Она напечатала два снимка, а затем сравнила их. Да, это были те самые люди, те же трое мужчин. На снимке были отчетливо видны их лица.
— Ну, вот и попались! — произнесла Ершова, причем таким тоном, каким произносит следователь. — Попались, и уже не отвертитесь!
И тут же сама себя одернула: "Что я несу, околесицу какую-то? Кого я собираюсь ловить, кого собираюсь сажать? Мне о своей жизни надо думать, а не о бандитах. Да если они прознают, что их кто-то сфотографировал, они меня выковыряют из любой щели. Так дятел выковыривает червя из-под коры толстого дуба, куда бы он ни зашился.
Выковыряют и склюют вместе с негативами, позитивами и всей прочей дребеденью. Надо…"
— Что надо? — тут же спросила она себя, быстро пряча все фотографии в сумку. Лишь два последних мокрых снимка она засунула в глянцеватель и поставила регулятор нагрева на максимум, но барабан был уже и так раскален. В это время в дверь постучали.
— Сейчас, сейчас! У меня бумага открыта — засветится! — громко, отбежав от двери, крикнула Катя. — Я не могу открыть!
— В коридоре темно, я в щель просочусь, — это был голос Эдика.
— Погоди, Эдик, погоди…
Катя собрала все со стола, свернула пленки, засунула их на самое дно сумки. И тут же бросилась проверять, те ли пленки она спрятала или, может быть, случайно прихватила чужие. Негативы были те, и она с облегчением вздохнула. Глянцеватель выплюнул фотографии. Катя подождала, посмотрела на сверкающий барабан, не осталось ли на нем случайно чего-нибудь. Барабан был чист.
— Слава богу! — Ершова защелкнула сумку, затем подошла к двери и повернула ключ. Ремешок сумки она намотала на руку.
— Это я!
— Я так и поняла.
— Извини, конечно. У меня тут есть для тебя хороший коньяк.
— Знаю.
— Откуда?
— Твоя подруга сказала.
— Какая она моя? Она уже там с кем-то другим. Это ее дело.

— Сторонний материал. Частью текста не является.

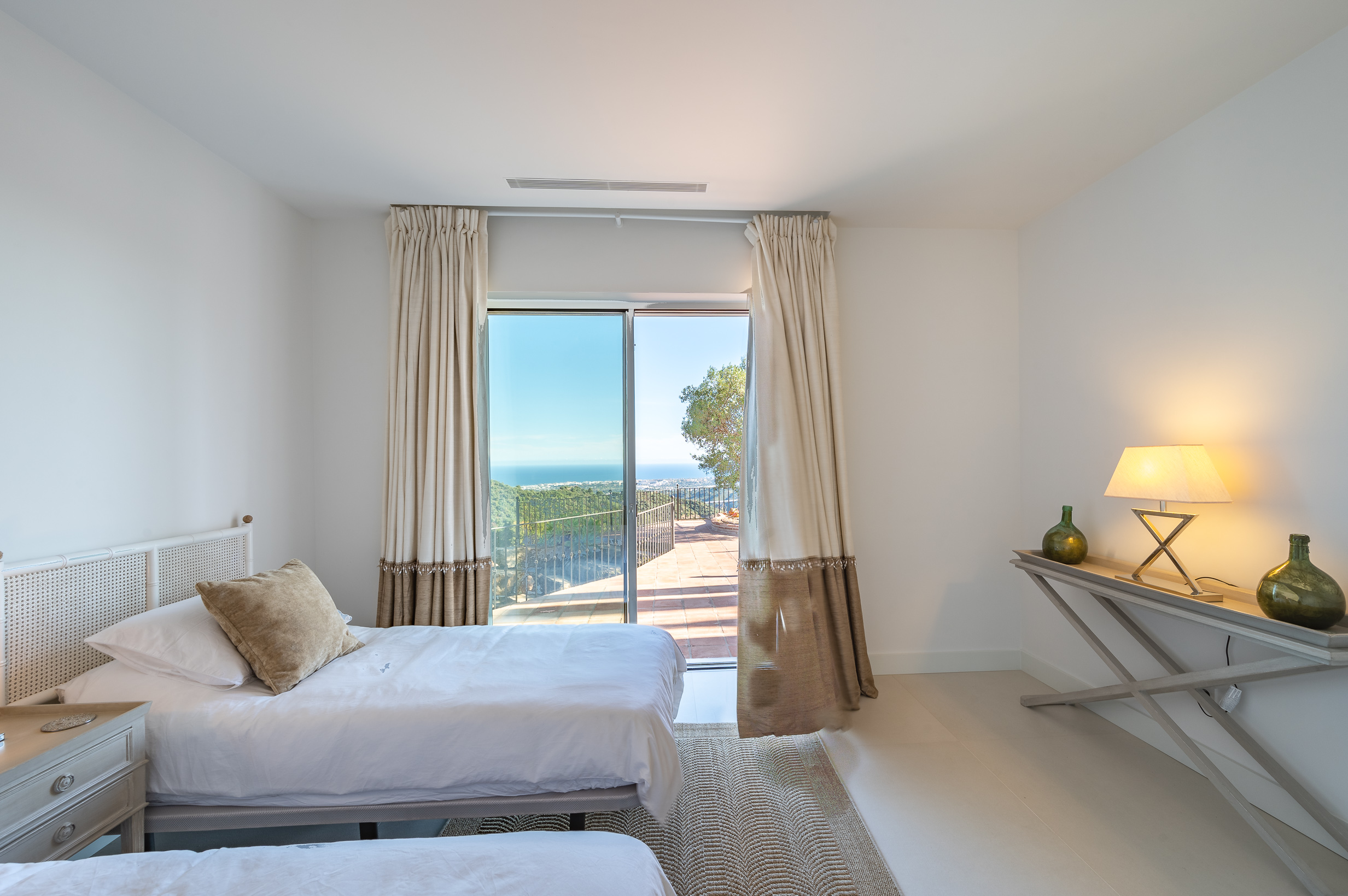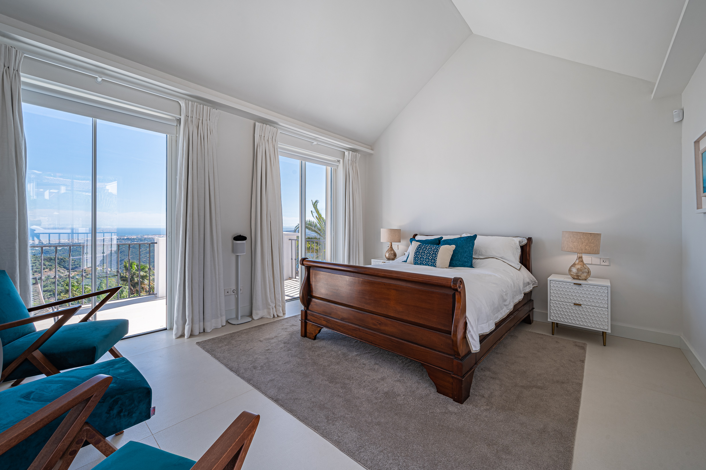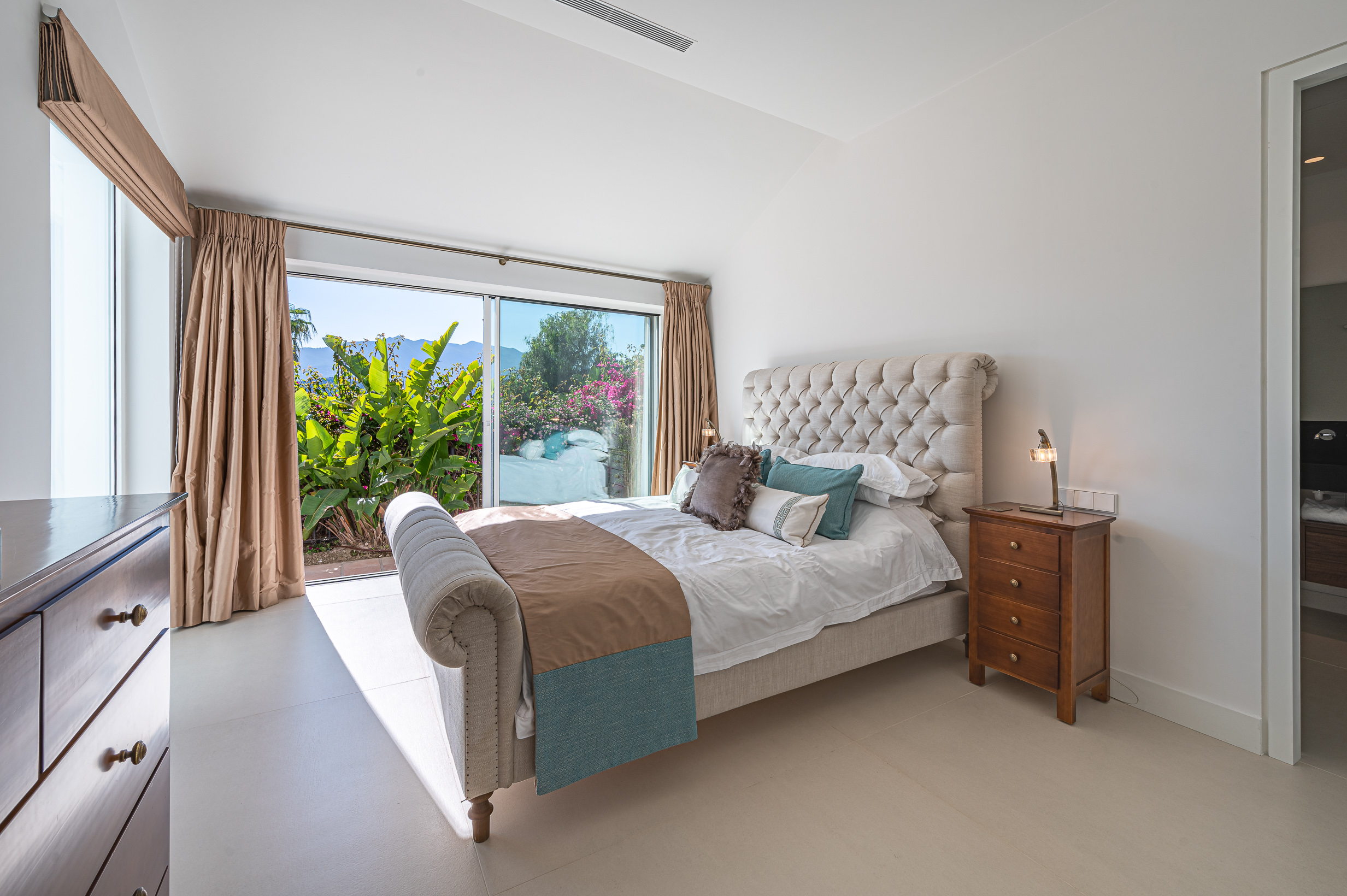 In total, the villa offers four beautifully appointed en-suite bedrooms, all flooded with natural light and enjoying breathtaking panoramic sea views. Floor-to-ceiling windows create a bright and airy atmosphere throughout the sleeping areas, while high-quality Egyptian cotton linens and plush pillows ensure exceptional comfort and truly restful nights.

— Она тебя пробросила, так ты решил со мной коньяку выпить?
— Да. Я решил с тобой выпить. Когда же еще такое случится? Буду теперь всем хвалиться, что с самой Ершовой коньяк пил, да еще в своей лаборатории. Ну, что, напечатала?
Порнография, что ли, или что-нибудь рекламное?
— С чего ты взял? — насторожилась Катя.
— Раз никому показывать не хочешь, значит, что-то интимное или коммерческое.
— Ни то, ни другое, к сожалению. Так, один частный заказ.
Кате хотелось рассказать, но она понимала: Эдик ей не помощник и даже не советчик, особенно пьяный. Он может лишь принести неприятности, причем такие, о которых лучше не думать.
— Знаешь, Эдик, я бы хотела потихоньку отсюда уйти.
— Навряд ли уйдешь. Главный закрыл двери, а ключ повесил себе на шею.
— Так тут же окон полным полно!
— Все окна с решетками. После того как нас ограбили, а на компьютерные стойки нагадили и насвинячили в редакции какие-то молодцы, скорее всего, антисемиты, главный приказал решетки даже на двери наварить.
— Видела, — тут же вспомнила Катя решетку на редакционных дверях. Точно такие ей довелось видеть в тюрьмах, когда делала репортаж. — Так что вы живете на осадном положении?
— Есть способ, — Эдик глупо засмеялся и открыл сейф, в котором блеснула бутылка коньяка, большая, двухлитровая.
— Ничего себе! — воскликнула Катя.
— Ничего тебе. Хочешь, подарю?
— Ее даже нести тяжело!
— Я тебе в колбу отолью.
— Нет, нет, немного выпью…
— У меня, кстати, таких две, но все знают лишь об одной.
— Ты, между прочим, что-то говорил о другом варианте?
— Вначале выпьем, а уж потом рассмотрим запасные варианты.
— Ты не отрубишься?
— Я могу пить долго. Кстати, кофе твоего глотнуть можно?
— Глотни, глотни, он уже холодный.
— Мне как раз холодный и нужен.
Коньяк был налит, что называется, не жалея, в освободившуюся чашку. Лимон разрезан на две части вдоль.
— Вот лимон, — сказал Эдик, выдавливая фрукт себе в рот. — Как в лучших домах: лимон испанский, коньяк азербайджанский. Коллекционный, кстати. Ну, давай, за встречу и за тебя, Катерина.